**WHAT TO DO**
Whatever appears in the records, retype it exactly, except for the pictures.

[[ RECORDS TO PROCESS, beginning ]]

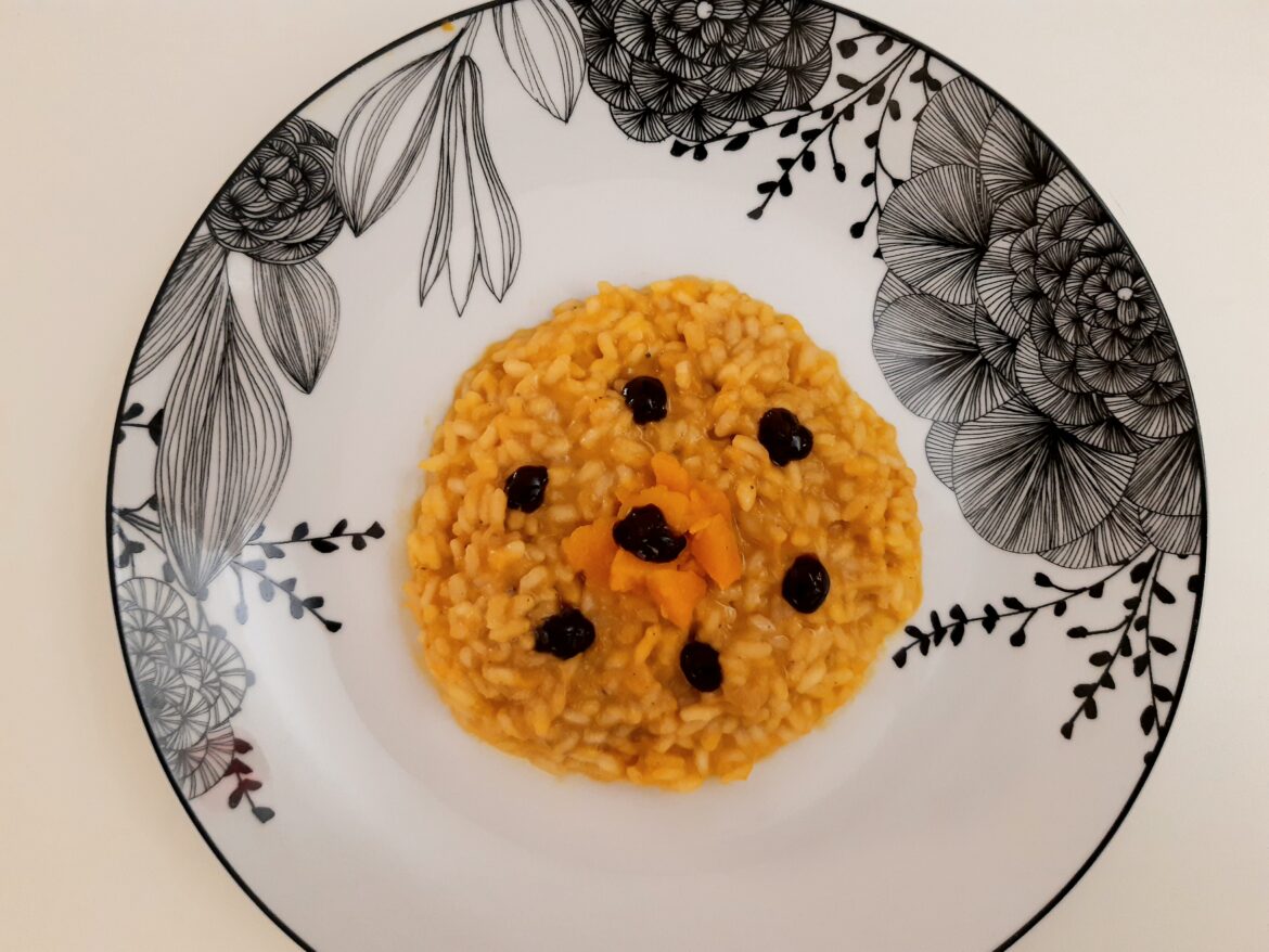Risotto di zucca mantecato al Piave DOP Vecchio Selezione Oro con riduzione di liquirizia
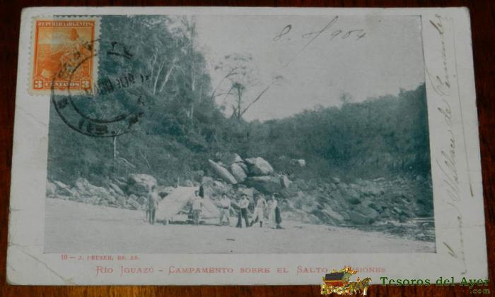 ANTIGUA POSTAL DE RIO IGUAZU, ARGENTINA, CAMPAMENTO SOBRE EL SALTO, CIRCULADA, ED. J. PEUSER, N. 10.
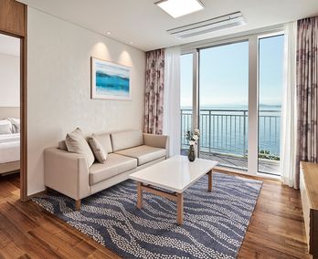 투룸과 거실로 구성 되었으며 넓은 테라스에서 오션뷰를 바라보며 편안하게 휴식할 수 있는 객실입니다.
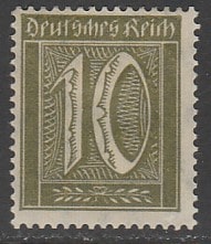 Германия (Веймарская республика) 1921 год. Стандарт. Номинал в прямоугольнике, 10 Pf., 1 марка из серии (наклейка) (1 из 19)
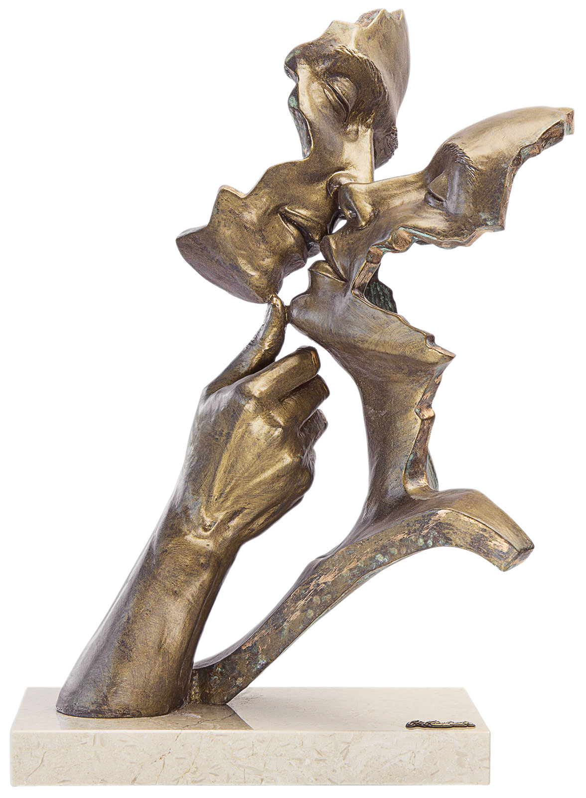 Sensuele allegorie van partnerschap. De originele beelden van de Spaanse beeldhouwer Maria Angeles Anglada inspireren door hun fragmentarische weergave, die ruimte laat voor identificatie en interpretatie. Gemaakt van gegoten steen, gepatineerd in bronskleur met gesigneerde voet. Formaat 40 x 24 x 12 cm (h/w/d).
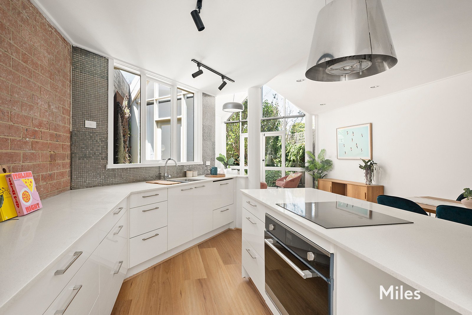 The traditional terrace layout has been transformed by a stunning rear extension, where high ceilings and expansive glazing flood the interior with natural light and create a seamless connection to the outdoors. Engineered timber flooring flows through to an impressive open-plan living and dining zone, anchored by a sleek designer kitchen featuring crisp white cabinetry, abundant storage, a large oven, and induction cooktop - perfectly suited to both daily living and entertaining on a grand scale.

[[ RECORDS TO PROCESS, end ]]

**YOUR RESPONSE**
Risotto di zucca mantecato al Piave DOP Vecchio Selezione Oro con riduzione di liquirizia
 ANTIGUA POSTAL DE RIO IGUAZU, ARGENTINA, CAMPAMENTO SOBRE EL SALTO, CIRCULADA, ED. J. PEUSER, N. 10.
 투룸과 거실로 구성 되었으며 넓은 테라스에서 오션뷰를 바라보며 편안하게 휴식할 수 있는 객실입니다.
 Германия (Веймарская республика) 1921 год. Стандарт. Номинал в прямоугольнике, 10 Pf., 1 марка из серии (наклейка) (1 из 19)
 Sensuele allegorie van partnerschap. De originele beelden van de Spaanse beeldhouwer Maria Angeles Anglada inspireren door hun fragmentarische weergave, die ruimte laat voor identificatie en interpretatie. Gemaakt van gegoten steen, gepatineerd in bronskleur met gesigneerde voet. Formaat 40 x 24 x 12 cm (h/w/d).
 The traditional terrace layout has been transformed by a stunning rear extension, where high ceilings and expansive glazing flood the interior with natural light and create a seamless connection to the outdoors. Engineered timber flooring flows through to an impressive open-plan living and dining zone, anchored by a sleek designer kitchen featuring crisp white cabinetry, abundant storage, a large oven, and induction cooktop - perfectly suited to both daily living and entertaining on a grand scale.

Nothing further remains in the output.